A group of six South Sudan opposition parties has called on the world leaders to admit that the country has sunk into a genocide perpetrated by the current government.
In a joint statement issued Monday, the opposition groups said President Kiir committed crimes in the country since December 2013, when the army targeted Nuer in Juba and later continued to kill people in Greater Upper Nile, Equatoria, and Western Bahr el Ghazal regions.
“The unfolding genocide is a repeat of the December 2013 Juba massacres of ethnic Nuer civilians, which resulted in reprehensible reprisal attacks against Dinka civilians in other parts of the country,” partly reads the statement.
The six groups called upon the region and the international community to investigate, document, prosecute and punish the perpetrators of the recent genocide in Wanduruba, Yei, Lainya, Pajok and Kajokeji in Equatoria, Wau in Bahr el-Ghazal, and the entire Upper Nile.

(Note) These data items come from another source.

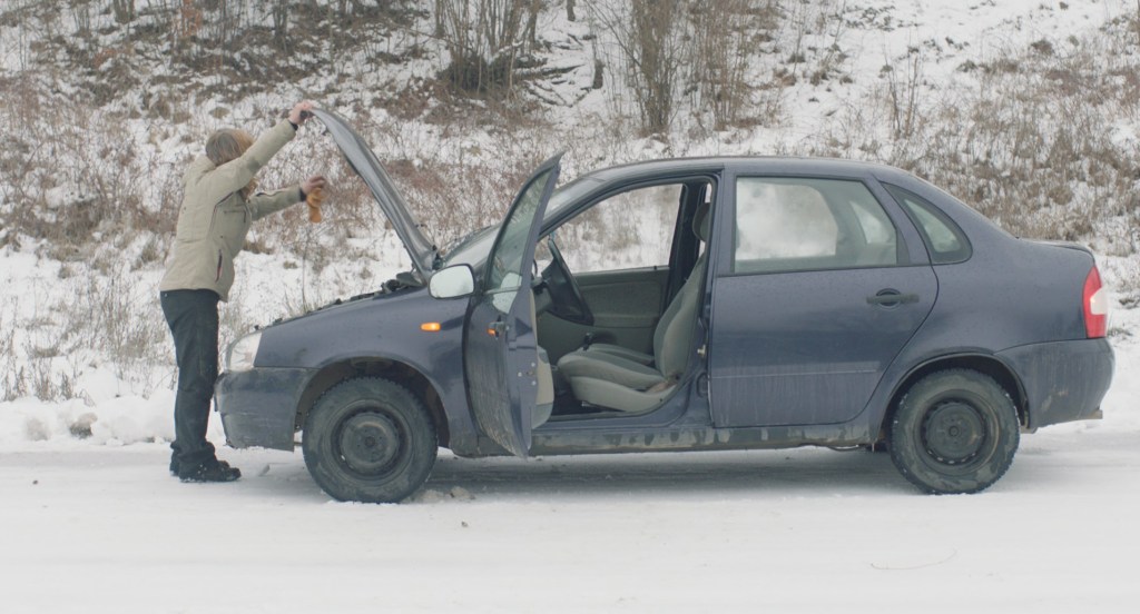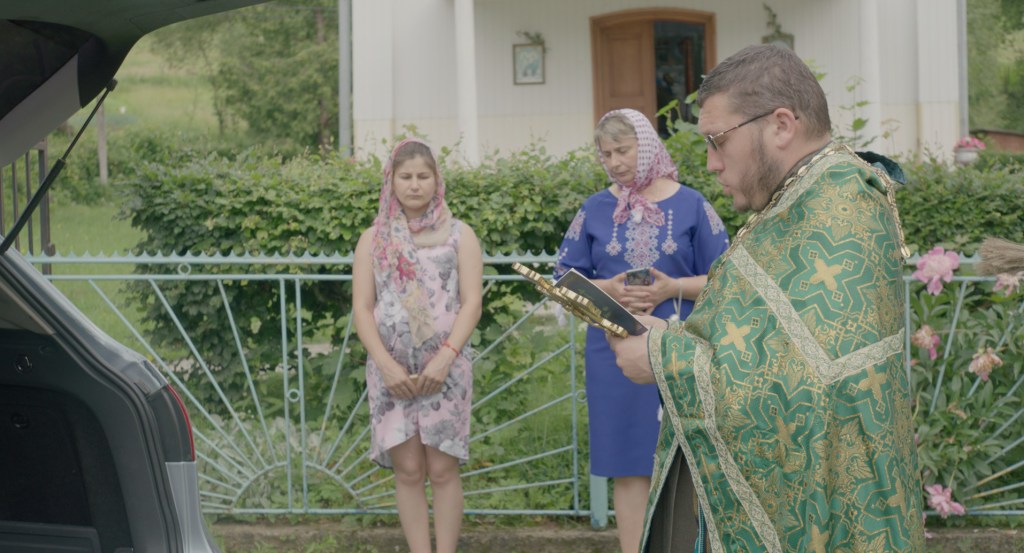 Three Women is quite a green film, as DoP Florian Baumgarten and I had no car when we were filming. We got around on foot, and it helped forming a bond with the protagonists because we would accompany people who were not getting to places by car. The village is quite elongated, stretching around 10 kilometres. Hanna lives on the one end of the village, and Maria on the other end of it, so at times it would take us a few hours to get from one point to another, and there was no car. Well, there was a car of the biologist Nelya, but more often than not it was out of order. When I met Nelya, the first thing that happened was her car broke down. And that car was not only her means of commuting but also her home in a way. Later in the film, we see Nelya, perhaps fatigued by her car constantly breaking down, bringing her car for a priest’s blessing.
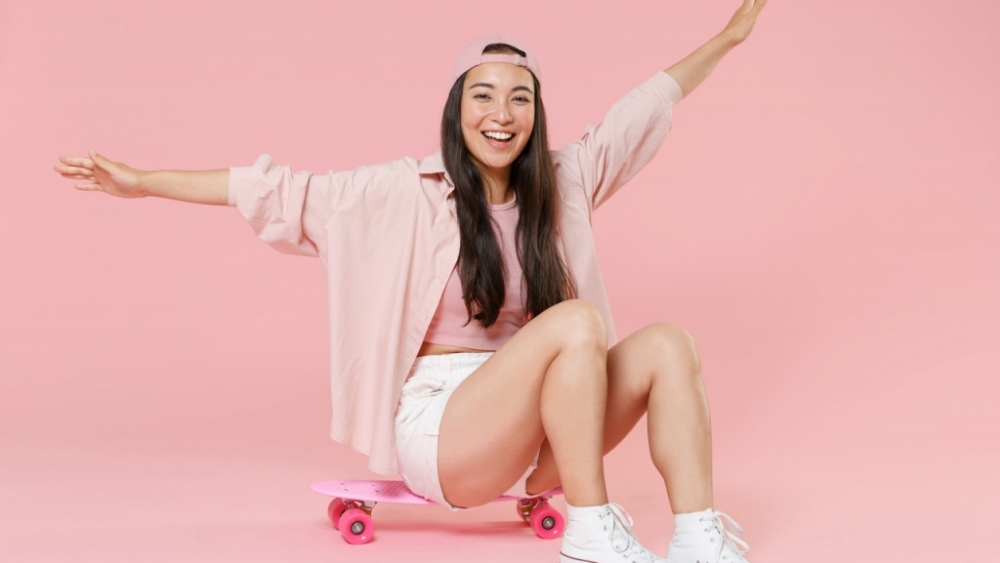 自信满满滑板少女
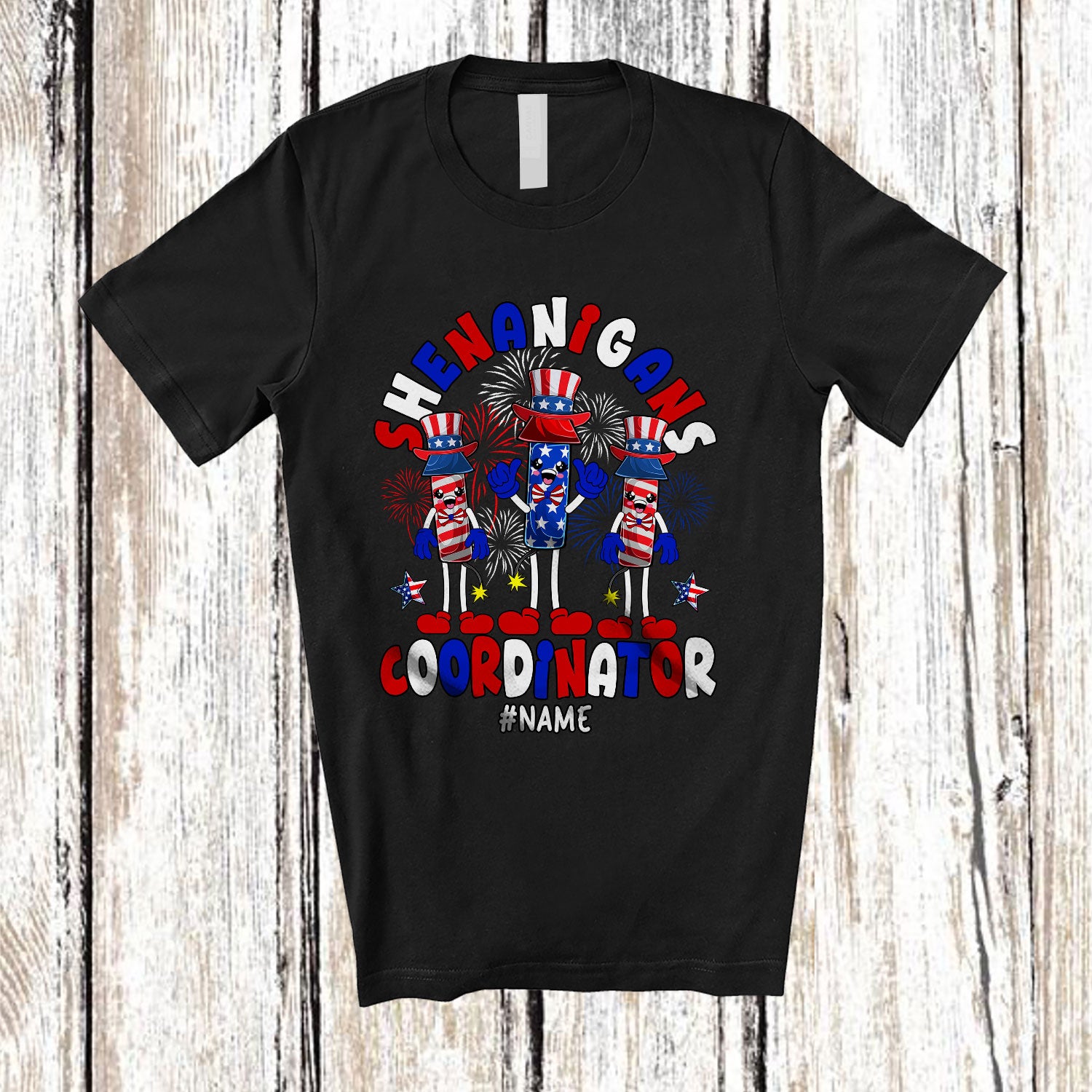 Personalized Custom Name Shenanigans Coordinator; Proud 4th Of July Three Firecrackers Fireworks T-Shirt. This cotton t-shirt is a durable staple product with a classic fit. One of the most popular items, it has a relaxed style made for everyday and casual wear.
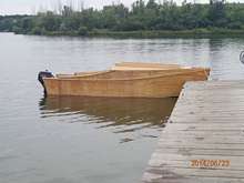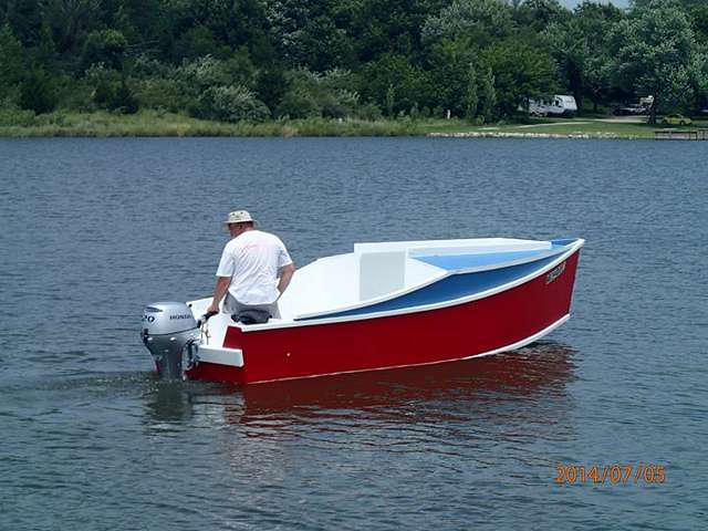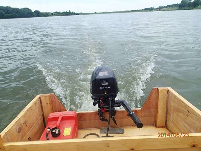 Puttin' along with minimal wake. I was disappointed with how the 10hp labored to get the boat on plane with nothing but me and 2 gallons of fuel aboard. I see a new 20hp in my very near future. |
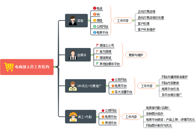 那么,电商部的人员到底是如何分配工作的呢?下面跟着这张思维导图一起来了解一下吧!

They also urged the world leaders to "recognise and condemn the genocidal actions of Kiir’s government.
“We, therefore, call upon the AU, the UN Secretary-General, and the UN Security Council to issue a full, frank, and just acknowledgement of the unfolding genocide as a necessary first step to honour the victims and their families and signal a glimmer of hope for the future,” they said.
“President Salva Kiir and his regime must be forced to comply and to take full responsibility for their actions and crimes. Only then can a peaceful political process to end this unprecedented and untold suffering begin”, adds the joint statement.